2.4. Enzyme-Linked Immunosorbent Assay (ELISA)
Enzyme-Linked Immunosorbent Assay (ELISA) merupakan salah satu jenis
uji pengikatan primer. Uji ini dapat digunakan untuk mengidentifikasi dan
mengukur antibodi atau antigen. Prinsip dasar ELISA adalah mengukur langsung
interaksi antara antigen dengan antibodi. Adanya antibodi menunjukkan adanya
paparan antigen ke dalam tubuh inang yang diperiksa (Tizard 2004). Menurut
18
Burgess (1995), teknik ELISA dapat bekerja dengan konsentrasi bahan yang
cukup kecil dengan tingkat sensitifitas yang tinggi. Terdapat dua macam teknik
ELISA yang merupakan metode dasar ELISA, yaitu ELISA langsung dan ELISA
tidak langsung. ELISA langsung maupun tidak langsung digunakan untuk
mendeteksi antigen dan antibodi dengan syarat salah satunya diketahui. Indikator
enzim untuk reaksi imunologi merupakan ciri utama teknik ELISA.

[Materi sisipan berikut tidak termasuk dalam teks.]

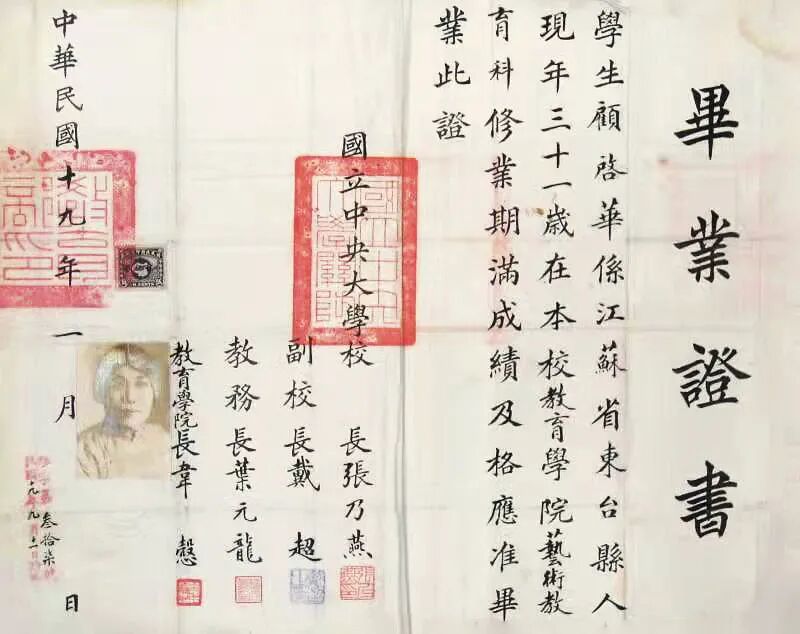 中央大学艺术科首届毕业生为民国十八年(1929年)毕业的徐风等6人,顾启华作为第二届毕业生,毕业时间为民国十九年(1930年),现存的顾启华中央大学毕业证上的颁发时间是在1930年1月。顾启华在进入中央大学艺术科的三年求学生涯经历中,接触认识了一批老师与同窗,许多老师当年已拥有极高的社会知名度,徐悲鸿、吕凤子、张书旂等,一些同窗日后更是成长为知名的艺术家,吕斯百、张安治等。毫无疑问,中央大学的师友对于二十世纪中国传统国画继承开拓及西画探索发展,发挥了无可替代的深远影响。

ELISA tidak langsung merupakan konfigurasi paling sederhana yang dapat
digunakan untuk mengukur titer antibodi. ELISA tidak langsung digunakan
sebagai uji serologik karena cepat, sederhana dan relatif murah (Parede & Ginting
1996). Ikatan antigen dan antibodi pada ELISA tidak langsung ada dua macam,
yaitu ikatan antigen-antibodi primer dan ikatan antibodi primer-antibodi sekunder.
Ikatan antigen-antibodi primer bersifat spesifik, terjadi antara epitop antigen
dengan paratop pada rantai Fab antibodi. Antibodi primer tidak berlabel dapat
diperoleh dari serum atau cairan tubuh lain. Ikatan antibodi primer-antibodi
sekunder bersifat tidak spesifik, artinya ikatan antara antibodi dan anti-antibodi
dapat terjadi pada semua macam antibodi. Antibodi sekunder (sering disebut juga
dengan konjugat) terikat pada enzim (berlabel enzim). Enzim ini dapat
menguraikan substrat yang ditambahkan sehingga terjadi perubahan warna
larutan. Kekuatan warna ini tergantung dari banyaknya substrat yang terurai.
Banyaknya substrat yang terurai tergantung dari banyaknya enzim dalam larutan.
Kekuatan ini menunjukkan jumlah ikatan antigen-antibodi primer (Burgess 1995).